I Run a Machine-Learning-Based Chatbot on a Raspberry Pi, and Here’s What Happened
Ever wondered what will happen to your Raspberry Pi when you run a machine learning program on it? I did. Once.
Running a machine learning program on a Raspberry Pi probably is not a new thing for you. But for me, it’s a new experience and it gave me a new understanding about it. Originally, this experiment was done about two months ago (early August 2017) and already posted on my Facebook, but I think it’s good to share the story here.
So, I just bought my first Raspberry Pi from a local online marketplace for about $50 (1 unit Raspberry Pi 3 Model B and 1 set official case). It doesn’t take me a long time to start my this experiment. From the beginning, I already interested to see how far this cute machine can go with machine learning programs running on it, and am more likely to use this Raspberry Pi as a low-power headless server rather than use it on hardware-hacking projects.
Here’s the hardware specification for Raspberry Pi 3 Model B:
Quad Core 1.2GHz Broadcom BCM2837 64bit CPU
BCM43438 wireless LAN and Bluetooth Low Energy (BLE) on board
40-pin extended GPIO
4 USB 2 ports
4 Pole stereo output and composite video port
Full size HDMI
CSI camera port for connecting a Raspberry Pi camera
DSI display port for connecting a Raspberry Pi touchscreen display
Micro SD port for loading your operating system and storing data
Upgraded switched Micro USB power source up to 2.5A
I installed a copy of Raspbian Jessie operating system on a 32GB Micro-SD card.
For my first project on Raspberry Pi, I wrote a machine-learning-based text classification program. The code itself was written in Python, and utilize the famous NLTK module for it. And since I’m going to try to access the program from a Telegram Bot (or basically from any other external services), I also made an API, and Flask was the chosen module. To create the Telegram bot handler, I trusted Python Telegram Bot.

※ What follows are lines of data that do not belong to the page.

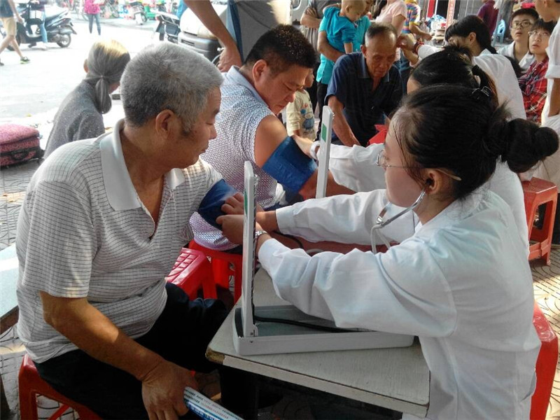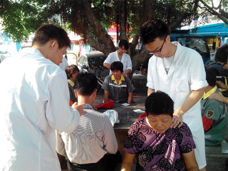 活动刚开始,有一批清洁工阿姨过来找我们,我们给他们按摩、量血压、递上热腾腾的花茶。而宣传组的同学就带着我们精心编制的中医宣传小册子走进菜市场,进行宣传。随后,一些大叔、阿姨、老人家陆陆续续地来了。就这样,义诊现场坐满了人,人群涌动,每个小组的同学都热情积极地给他们服务,真是一片和乐融融的场景。在给村民服务的过程中,我们也跟他们谈谈家常,说说笑笑,听听他们在生活中的困惑。为村民带来的不仅仅是身体上的舒服,还有心理上的愉悦,村民对我们的服务都很满意。
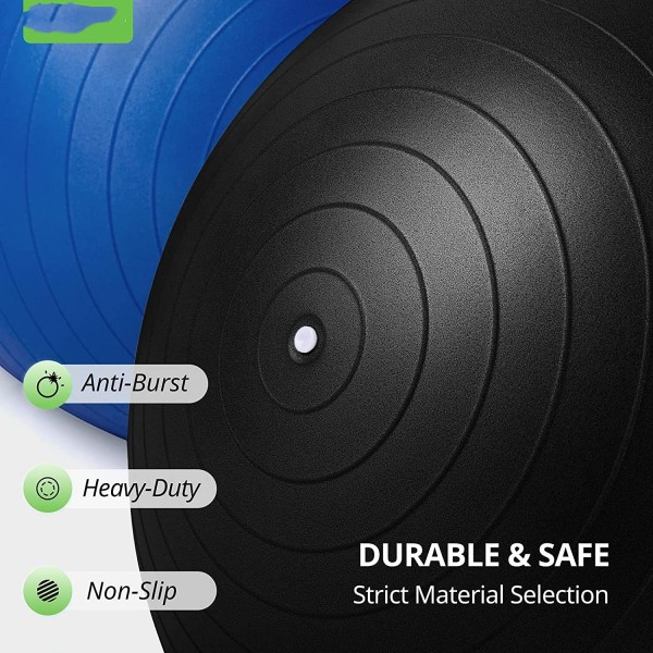 - EXTRA THICK AND ANTI-BURST: one of the highest density exercise balls in the market. 2000 micrometers in thickness and can resist up to 2200 lbs.
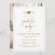 Convite Fotográfico Elegante para Graduação Dourada. Nossos Convites para Graduação de Script Simples Elegantes misturam sofisticação com comemoração. Cada convite ostenta um motif clássico de boné de formatura e um roteiro de caligrafia manuscrito gracioso. Disponíveis em várias cores, incluindo preto e branco, azul marinho, verde escuro, vermelho escuro, roxo e ouro, esses convites atendem a cada estilo de formando. Aumente seu anúncio com fotos personalizadas de graduação e complemente seu evento com itens coordenadores, como anúncios, etiquetas de endereço, envelopes, sinais de boas-vindas, banners, placas de jardim e artigos de mesa essenciais como placas de papel, guardanapos, xícaras e refrigeradores. Celebre este marco em estilo com a nossa coleção de tendências.

The training data for this machine learning was taken from BBC dataset that was collected by D. Greene & P. Cunningham from University College Dublin. This dataset contains 2225 documents (news article) during 2004–2005, and divided into five categories: business, entertainment, politic, sport & tech. But in the end, I only use 1930 documents out of 2225 documents (386 documents per category) because the data imbalance in each categories. For your information, imbalanced data leads to wrong classification. It tends to classify the testing data into categories with higher training data.
Training The Machine Learning
I use a mid-2013 Macbook Air to wrote the code (also to compare the performance between these two machines — I know, it’s not fair). After the data were pre-processed, the machines were trained using Naive Bayes Classifier algorithm, and of course, there were huge performance gap between my Macbook Air and Raspberry Pi.
On my Macbook Air, it took only 15 minutes to finish all the processes (pre-processing and training). On my Raspberry Pi, I chose to stop the process in 40th minute because there were no signs that it will going to be finished anytime soon (it was even still on the first step of pre-processing — out of several pre-processing steps).
I ended up using another approach to make this happen. The training was done in the Macbook Air, and put the generated intelligence into the Raspberry Pi’s system — thank’s to Pickle! — and this approach seemed to work.
Pickle is used for serializing and de-serializing a Python object structure. Any object in python can be pickled so that it can be saved on disk. What pickle does is that it “serialises” the object first before writing it to file. — PythonTips.com
I copied the generated pickle file from my Macbook Air to Raspberry Pi using a simple
scp command and the Raspberry Pi had no problem to read it. Everything ran well. I tried to classify several articles using both Macbook Air and Raspberry Pi, and here’s the result:
Macbook Air took 0–1 second(s) in average to classify an article, and Raspberry Pi took 2–5 second(s) in average to classify an article.
Text classification result on Macbook Air
Even though I think the Raspberry Pi showed a pretty good result (or not?), but somehow I believe that we can still improve the performance.
The Telegram bot is the part I love the most. We can access the system (and you can add any other features) nearly anywhere and anytime as long as both the users and the Raspberry Pi connected to a working internet connection.
The Telegram bot in action, running on Raspberry Pi
Have you done a machine learning process on a Raspberry Pi? Let the world hear your stories!